Example. Determine the interval of validity of the initial value problem without solving it:
(t² - 9)y' + 2y =ln❘20 - 4t❘ y(4) = -3
Let's write the equation under its explicit form i.e y' + p(t)y = g(t). In order to do so, we divide the equation by the coefficient of y' which is t² - 9:
(t² - 9)y'/(t² - 9) + 2y/(t² - 9) = ln❘20 - 4t❘/t² - 9
y' + 2y/(t² - 9) = ln❘20 - 4t❘/t² - 9
Let's study the continuity of the functions p(t) = 2/ t² - 9 and g(t) = ln❘20 - 4t❘/t² - 9.
p(t) being a rational function is not defined for the value of t that make its denominator equal to zero.
t² - 9 = 0 for t = -3 or t = 3. Therefore p(t) is continuous in the intervals ]-∞ -3[ ]-3 3[ ]3 +∞[.

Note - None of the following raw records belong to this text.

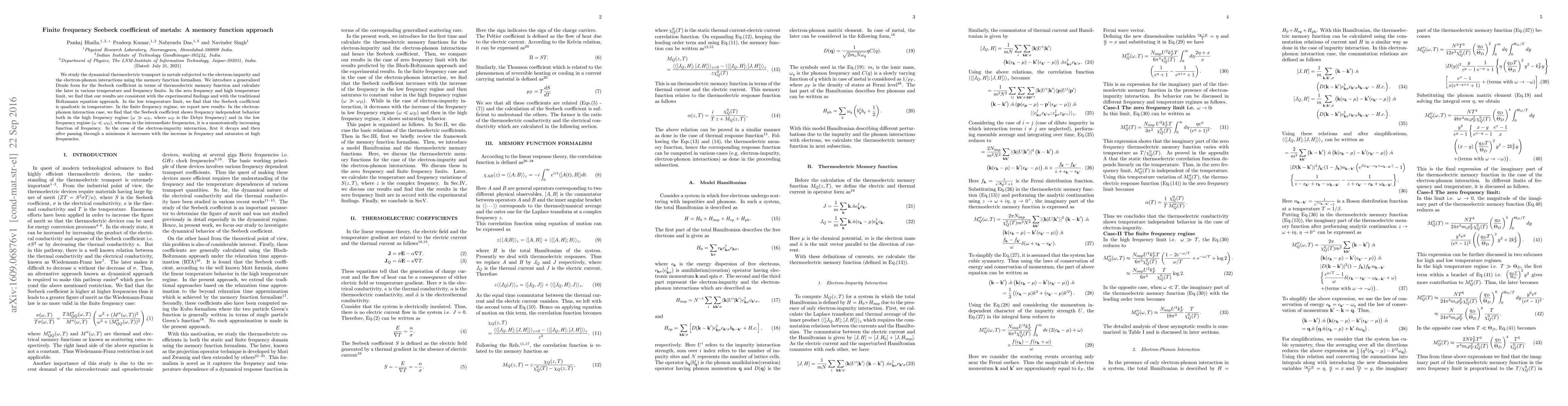 This paper investigates the finite frequency Seebeck coefficient in metals using memory function formalism, revealing frequency-dependent behavior in electron-impurity and electron-phonon interactions. It finds that the Seebeck coefficient is frequency independent in high and low frequency regimes but varies in intermediate frequencies, with distinct behaviors for impurity and phonon interactions.
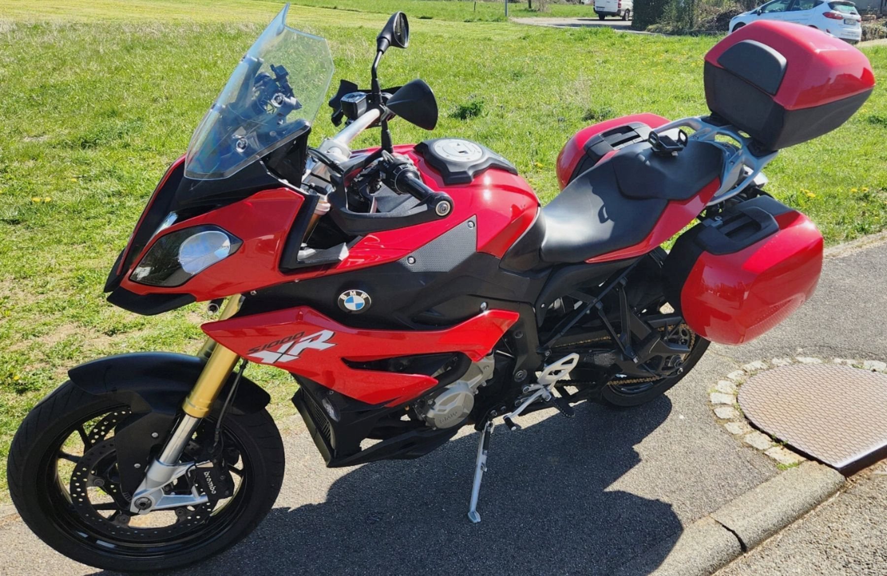 Meine S1000XR hat alle Ausstattung, die möglich ist. Z.B. Schaltautomat, Tempomat, Navi-Vorbereitung, Hauptständer, original BMW-Koffer und -Topcase (gleichschließend und in Motorradfarbe), TÜV, doppelter USB-Anschluss, Scott-Oiler, Kette mit ca. 5000 km, Reifen neu usw.
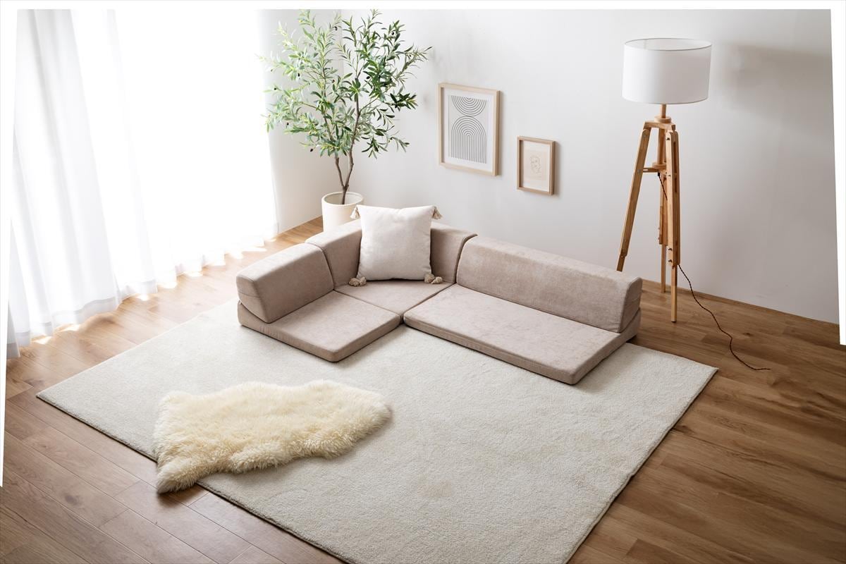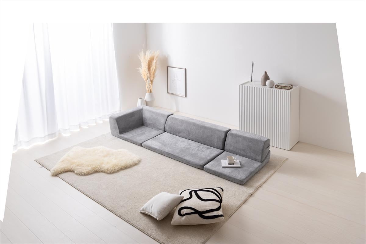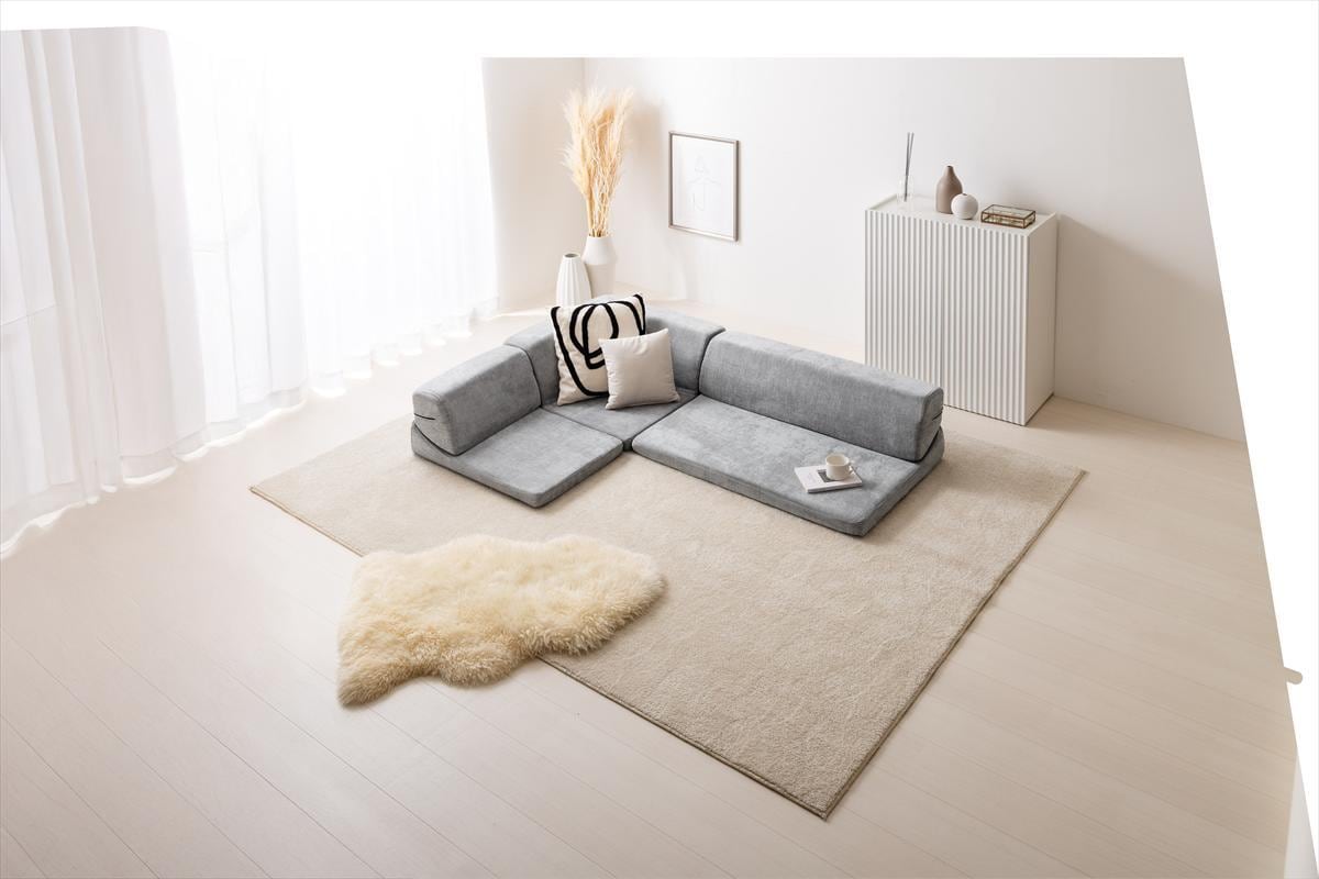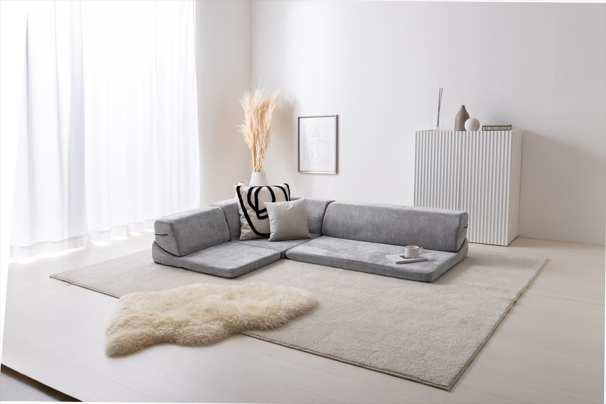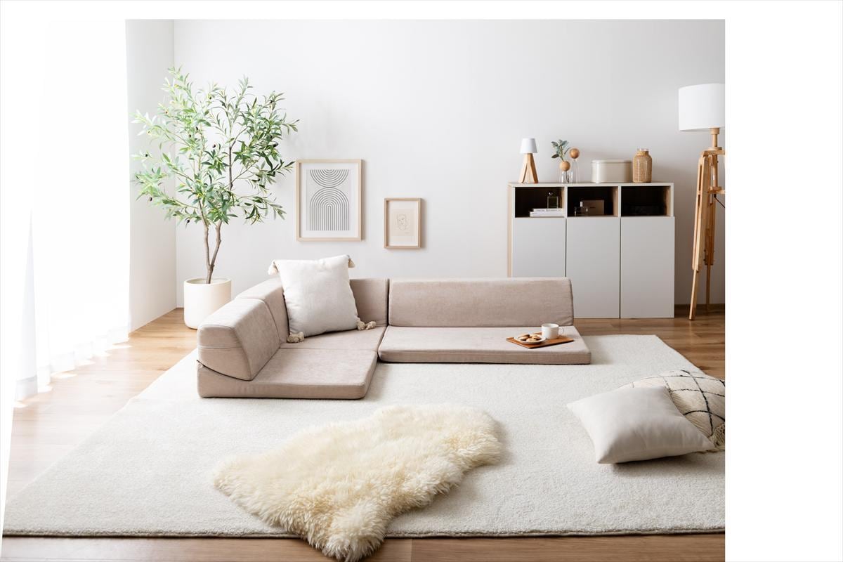 このフロアソファは、3ピース構造となっており、自分好みにレイアウトを変えることができるのが魅力です。お部屋のスタイルに合わせて簡単に模様替えが可能です。

The function g(t) is continuous if its numerator is defined and its denominator are not equal to zero. The numerator is undefined if 20 - 4t = 0 because in this case we would have ln0. The numerator is defined in the intervals ]-∞ 5[ 5[ +∞[. The denominator is defined in the intervals ]-∞ --3[]-3 3[ ]3 +∞[. The function g(t) is continuous in the union of the intervals in which both the numerator and the denominator are defined. The function g(t) is continuous in ]-∞ -3[]-3 3[ ]3 5[ ]5 +∞[. These are also intervals in which both p(t) and g(t) are continuous. The interval of validity is the interval that has the initial value t = 4. In this case this is the interval ]3 5[.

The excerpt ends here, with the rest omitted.